Хэтти долгое время ничего не говорит, только ищет в лице Кромвеля что-то – он не знает что. Честность, наверное.
– Нет-нет, – наконец трясёт головой Хэтти. – Ты не будешь писать книгу.
– Почему?
– Разве сам не знаешь? Тебе нужно заняться другим.
Он молчит.
– Сейчас ты, Кром, просто развалина, – говорит Хэтти. Кромвель смотрит ей в глаза – её лицо сурово. В некотором смысле отказ причиняет больше боли, чем любая вообразимая альтернатива. Ему нужно было принятие с её стороны, и теперь Кромвель обижен, зол: в груди разгорается подлая искра амбиции.
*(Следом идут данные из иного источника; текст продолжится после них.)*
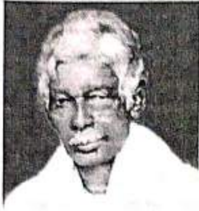
PANDIT RAGHUNATH MURMU (D. Lit in Santali, 5.5.1905 - 1.2.1982)

– Но можешь спросить потом, – добавляет она, и Кромвель кивает, хватаясь за соломинку. «Можешь» означает дорогу, по которой возможно пройти, – означает будущее.
– Хотя я всё равно откажу, наверно, – говорит Хэтти. – Не очень люблю писать. Но как знать – наверно, умею не хуже тебя. Всегда можно попробовать. – Она на миг замолкает, вспоминая: – Какая там любимая фраза у Паркера?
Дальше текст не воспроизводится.